Harry kurvte noch einige Flugmanöver durch die klare Luft, bevor er damit begann seinen Widersacher auf das Spielfeld zu locken. Nur so konnte er nahe genug an seinen Kontrahenten herankommen, um ihn der Lächerlichkeit preis zu geben. Er hoffte inbrünstig der Slytherin-Schüler würde den Braten nicht zu früh riechen. Langsam senkte sich der Besen gen Erde und ging in den Gleitflug über. Unterdessen beharkten sich die beiden Mannschaften immer noch aufs heftigste.

Als Harry dem Spielerpulk zu nahe kam, löste sich sofort ein gegnerischer Treiber und knallte einen Klatscher in Richtung des Suchers, um diesen von seinem Fluggerät zu werfen. Potter konnte dem Klatscher nur mit Mühe und Not und der Hilfe eines Mitspielers ausweichen. In der bereits verstrichenen Spielzeit hatte sich die Mannschaft Gryffindors mit einigen spektakulären Toren eine komfortable Führung erspielt.

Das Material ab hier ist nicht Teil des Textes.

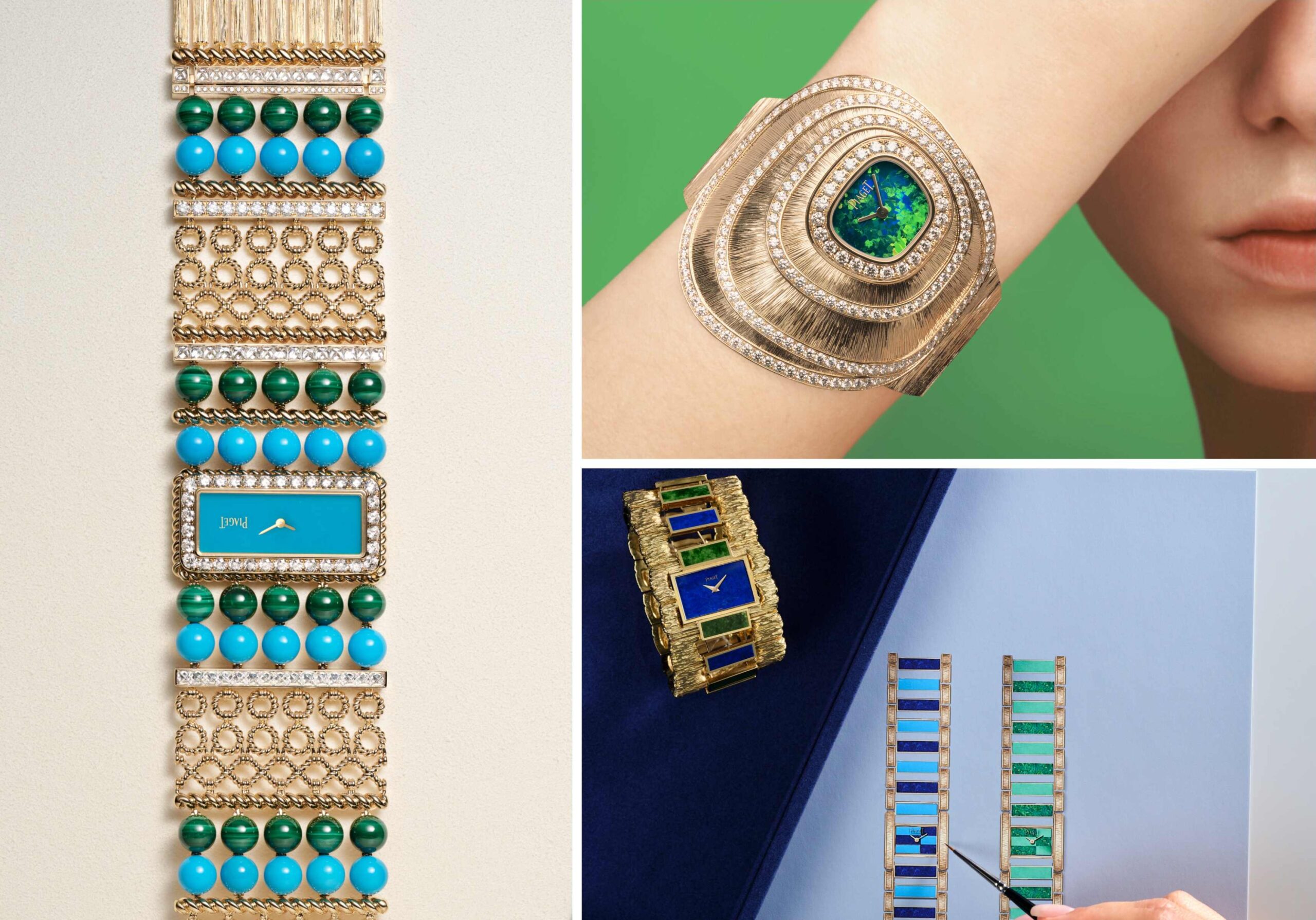 ừ năm 1963, Piaget đã sớm chọn cho mình một lối đi khác biệt khi đưa các loại đá trang trí như lapis lazuli, turquoise, malachite hay tiger’s eye lên mặt số đồng hồ. Trong bối cảnh nhiều nhà chế tác đang hướng đến thép để mở rộng thị trường, Piaget lại nâng chiếc đồng hồ thành món trang sức giàu tính nghệ thuật. Chính quyết định ấy đã mở ra một chương quan trọng trong lịch sử thẩm mỹ thương hiệu, nơi màu sắc không chỉ hiện diện như yếu tố trang trí mà trở thành trung tâm của biểu đạt sáng tạo. Cách tiếp cận này được hỗ trợ bởi những nền tảng kỹ thuật mang tính quyết định. Sau khi lựa chọn chỉ làm việc với kim loại quý và vật liệu quý từ năm 1957, Piaget đồng thời sở hữu bộ máy siêu mỏng 9P, một phát minh giúp giải phóng thiết kế và mở rộng không gian cho mặt số. Nhờ vậy, đá trang trí có thể được cắt, đánh bóng đồng thời đưa vào cấu trúc đồng hồ mà vẫn duy trì độ mỏng vốn đã trở thành biểu tượng. Từ đây, mặt số thực sự trở thành vùng đất mới của sáng tạo.Tuy nhiên, trọng tâm của câu chuyện năm 2026 nằm ở cách Piaget quay trở lại với kho tàng ấy để làm mới tinh thần hiện đại vượt thời gian của mình. Maison đang đào sâu hơn vào di sản, kết nối quá khứ và hiện tại để tái khơi dậy “Art of Colour” thông qua những biến thể đá trang trí mới, xuất hiện trên các mẫu đồng hồ mới theo phong cách táo bạo rất đặc trưng.

Der Gegner konnte nur noch durch den Fang des Goldenen Schnatzes die drohende Niederlage abwenden.

 

Odinius Klindisch schwebte verdutzt über der Mitte des Spielfeldes, Harry beobachtend der, Malfoy im Schlepptau, zögerlich zu Boden sank. Was zum Du-weißt-schon-wer hat er jetzt bloß wieder vor? Klindisch unterrichtete in diesem Schuljahr das Fach „Verteidigung gegen die dunklen Künste“. Ihm wurde auch die Ehre zu teil, das Endspiel der schulinternen Quidditch-Meisterschaften zu pfeifen. Obwohl er selbst als junger Zauberer ein erfolgreicher Spieler gewesen war, wunderte Klindisch sich zum x-ten Mal über die Taktik und Spielzüge seines Schülers.

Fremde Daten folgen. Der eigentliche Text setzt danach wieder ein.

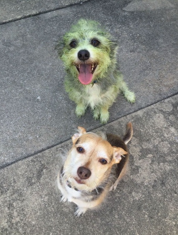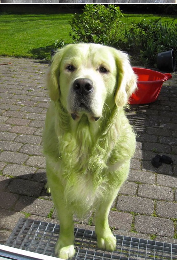 ▼牠去剛剛修剪過的草坪裡翻了一圈,結果變成了綠巨人。
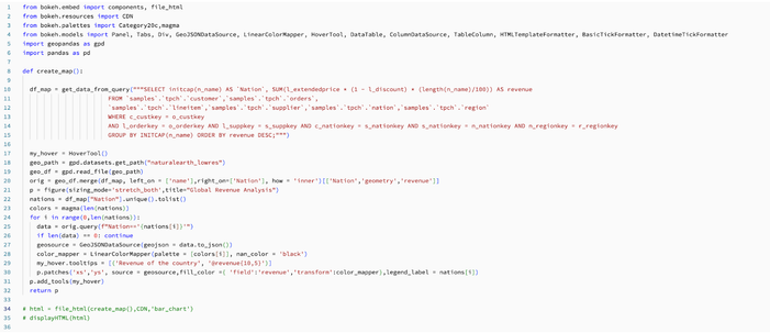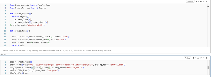 In order to gain valuable insights from large and complex data, it is necessary to use contemporary tools and technology. Organizations may enhance their performance by using data-driven choices and better knowledge of their operations with the correct tools. Databricks has built-in support for charts and visualizations in both Databricks SQL and in notebooks. On this page we will discuss another great utility for developing dashboards and applications in pure python called ‘Bokeh’.

Potter landete in der Nähe des Schiedsrichters. Auf den Rängen tobten lautstark die Zuschauer, die vermuteten, er habe den Schnatz entdeckt. Langsam, fast vorsichtig, ging Harry auf Malfoy zu, der ihn weiterhin mißtrauisch beäugte. „Na Potter, hast du Höhenangst bekommen oder warum suchst du nicht weiter nach dem Schnatz?“ höhnte er. Das Waisenkind ließ sich davon nicht beirren und umrundete seinen Kontrahenten. Behutsam fasste er zwischen die Reisigzweige von Malfoys Besen. „Hast du denn gar nicht bemerkt, das sich der Schnatz zwischen den Zweigen deines Besens versteckt hält?“ fragte Harry anzüglich grinsend.